Conversations around what should replace the Millennium Development Goals (MDGs) after 2015 are now well under way and the recent UN Special Event on the MDGs and Post-2015 was a significant milestone in the process.
For the Bond Beyond 2015 UK group - part of a global civil society campaign with 800 members in over 100 countries - the importance of listening to the most marginalised cannot be underestimated. If the post-2015 conversation is to be truly legitimate, civil society must be meaningfully engaged every step of the way. Negotiators must understand that unless the new framework is ‘owned’ by communities and people around the world who are directly affected by poverty and injustice, its impact will be limited.
The process is relatively complex, but there has been considerable effort to ensure that it is also consultative. In 2012, the UN Secretary General appointed a High-Level Panel on the Post-2015 Development Agenda, and with limited time and resources, there was a significant outreach effort. The panel’s report has been, for the most-part, well received by civil society. Whilst it could have been stronger on issues such as income inequality and human rights, many groups were able to identify their contributions in the document. An even wider consultation overseen by the UN Development Group meant that over a million people shared their views on ‘the world they want’.
Drawing on these and other inputs, the UN Secretary-General presented his report to the UN General Assembly (GA), ‘calling for a single, universal and coherent development agenda to end poverty and achieve sustainable development and economic growth’. This narrative has been supported by GA in its own Outcome Document, which sketches out the process between now and September 2015. The document calls for a single framework, which integrates the economic, social and environmental pillars of sustainable development. It also calls for goals to be ‘universal in nature and applicable to all countries’ and to promote ‘peace and security, democratic governance, the rule of law, gender equality and human rights for all’. The inclusion of some structural issues is a positive shift towards tackling both the root causes and the symptoms of poverty, something several Bond Beyond 2015 UK members have been calling for.
Over the next year, civil society will keep an eye on potential opportunities for engagement.

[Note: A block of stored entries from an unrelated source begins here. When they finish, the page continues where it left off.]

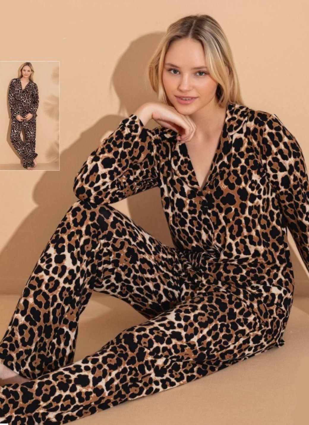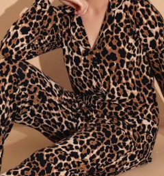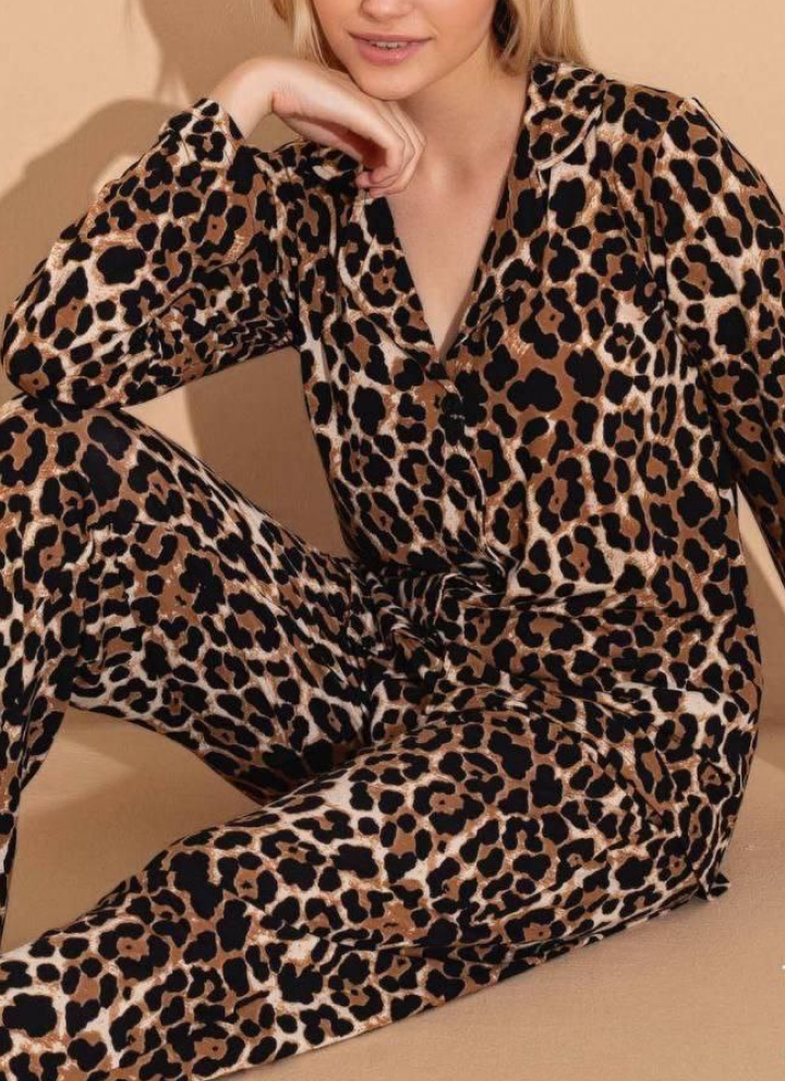 Комплект состоит из рубашки с длинным рукавами и свободных брюк. Рубашка с отложным воротником застегивается на пуговицы, а брюки на резинке обеспечат максимальный комфорт.
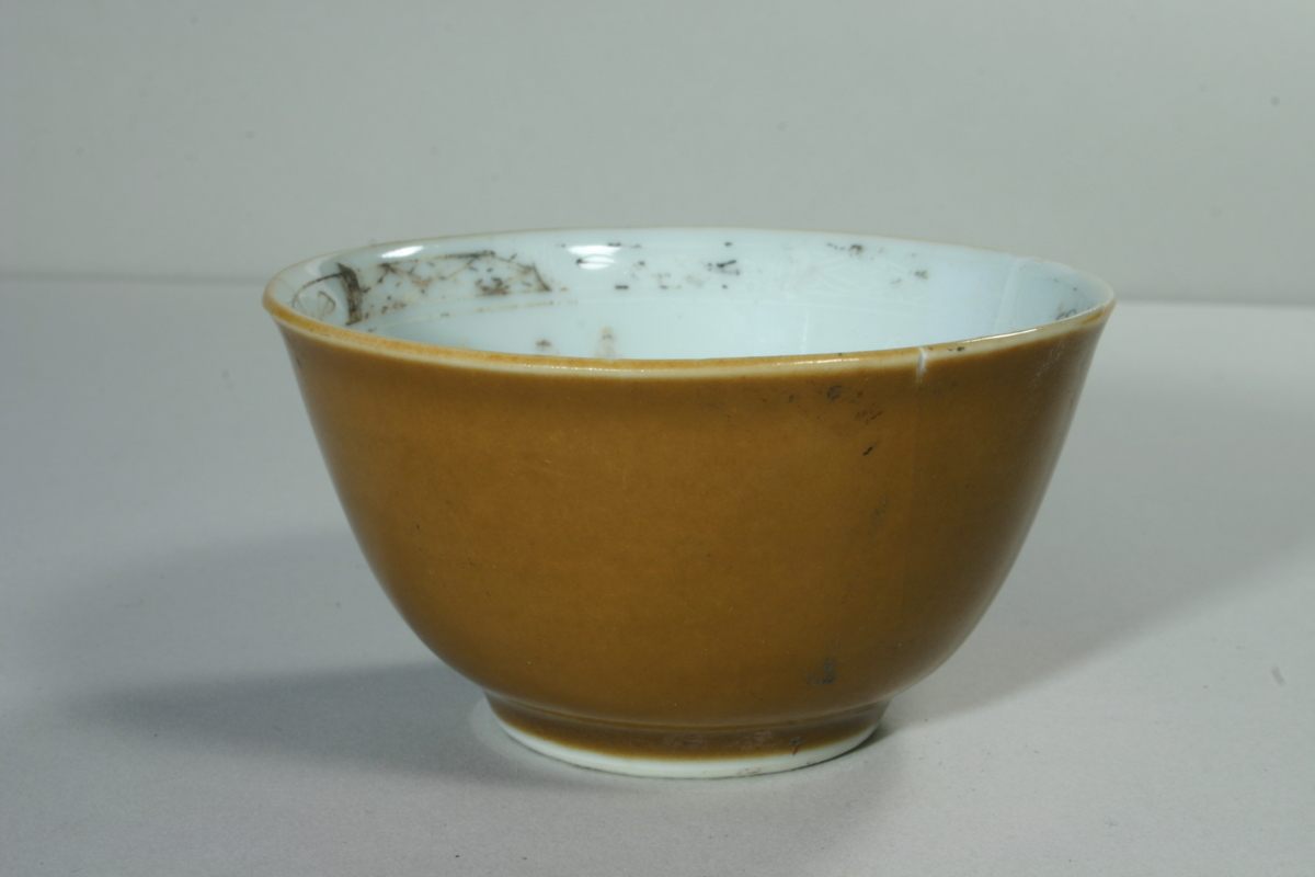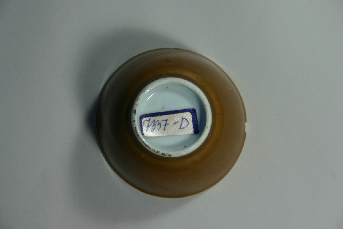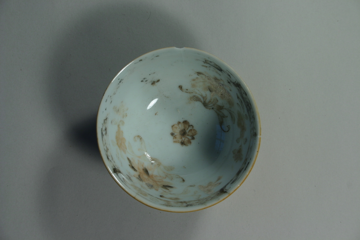 Brun glasyr på utsidan, vit med överglasyrdekor på insidan, blommor och kantdekor. Kantavslag i mynningskanten.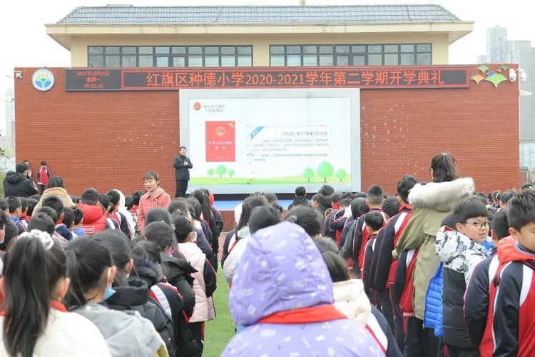 為引導(dǎo)同學(xué)們樹(shù)立正確的法治觀念,進(jìn)一步提高法治意識(shí)和自我保護(hù)能力,幫助同學(xué)們扣好法治人生“第一顆扣子”, 3月1日,新學(xué)期開(kāi)學(xué)第一天,新鄉(xiāng)市紅旗區(qū)法學(xué)會(huì)組織法學(xué)會(huì)會(huì)員劉丹到種德小學(xué)開(kāi)展法治宣傳,為全校上千名師生送上了一節(jié)量身定制的“開(kāi)學(xué)第一課”,獲得了師生廣泛好評(píng)。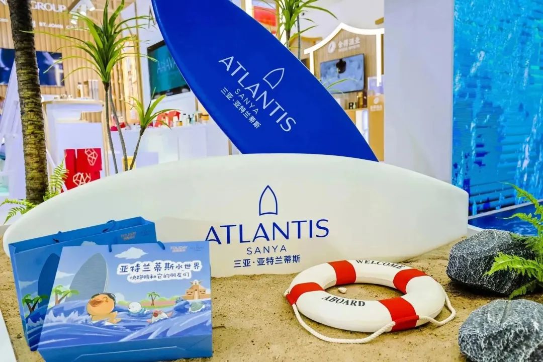 三亚·亚特兰蒂斯以其经典的蓝白配色,吸睛无数。在展会现场,首先映入眼帘的是度假区独具标志性的“风帆”主楼造型,“沙滩”周围则摆放着同色系的太阳伞、沙滩椅、冲浪板、游泳圈,搭配椰树、海星、木质路牌等景观造型。浓郁的热带风情,让中国南海的休闲度假气息扑面而来。4月28日,三亚·亚特兰蒂斯将迎来开业五周年的重要节点,本次展会上将围绕“娱乐亲子双重精彩 环球美食一站直达”两大核心战略,展示多业态产品的迭代更新。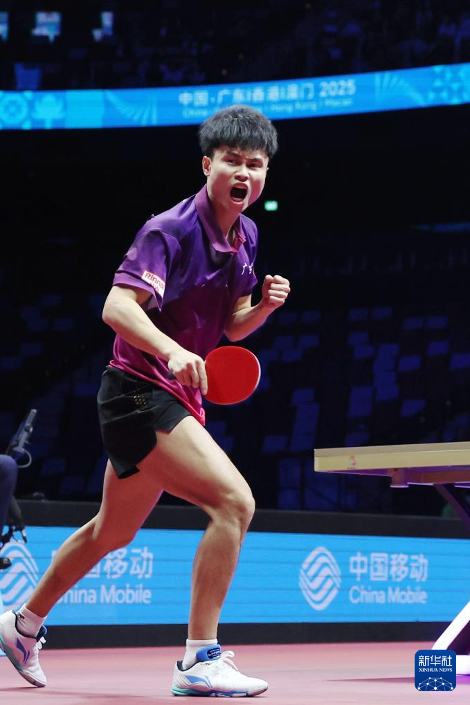 11月20日,广东队选手周启豪在比赛中庆祝得分,他3比1战胜黑龙江队选手魏世皓。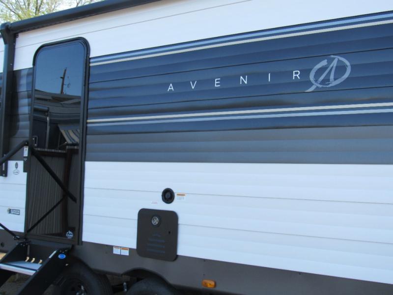 With any Avenir travel trailer by Cruiser RV, you will enjoy affordable luxury at every turn! The smooth corrugated metal exterior and industry leading 3X's full-height cross-members provide a durable foundation, and the Cruiser climate defense heated/enclosed underbelly helps extend your camping season. There is LED batten strip lighting with a dimmer, max storage in the deluxe curated kitchen, and thoughtfully located USB ports and 110V charging outlets to keep your electronics charged. A central control panel lets you easily access your units functions, and the Wi-Fi prep will give you the option to stay connected while you camp. Each model also features a tinted exterior glass door, an on-demand tankless water heater, solid flip-down steps with a telescoping handrail, and a roof mounted 50W solar panel with a 10A charge controller for added convenience.

The President of the GA will convene six events to “set the stage” for the post-2015 agenda. Alongside this are several processes that were agreed at the Rio+20 conference, such as the Open Working Group (OWG) on Sustainable Development Goals. The OWG is set to report by September 2014, though it is not yet clear how inputs from member states will be condensed into recommendations and how civil society will be involved.
For Beyond 2015, which held 39 national deliberations, the post-2015 framework must be underpinned by the four pillars of: human rights; equality & justice; environmental sustainability; and good governance, participation & accountability. In addition to these themes, development organisations call for a truly universal agenda, one that brings countries together in a common pursuit, but with different, respective responsibilities to act.
The ‘content-generation’ phase of the post-2015 process should come to a close at the September 2014 GA meeting. After that the Secretary-General will produce a report which synthesises the full range of inputs available. Member states will then enter a phase of intergovernmental negotiations, which will culminate in a summit in September 2015, when world leaders will gather in New York to agree a much-awaited set of new global development goals.
The process signals a paradigm shift in the way development is delivered – a way that is defined collectively and which empowers those who matter most. We fear that the voices of civil society and the most marginalised could become side-lined as the process progresses, and that some of the more politically sensitive issues could be dropped. As a result, the modalities of future meetings and negotiations are incredibly important, as is the willingness of governments to engage with civil society at national level. The challenges of poverty eradication and sustainable development require a bold new approach and it is only by working together, that we have a chance of achieving our objectives.
Helen Dennis is Senior Adviser Poverty & Inequality at Christian Aid and co-chair of Bond Beyond 2015 UK. Mariana Rudge is Post-2015 Advocacy Adviser at Bond. Bond hosts the ‘UK Hub’ of the Beyond 2015 campaign.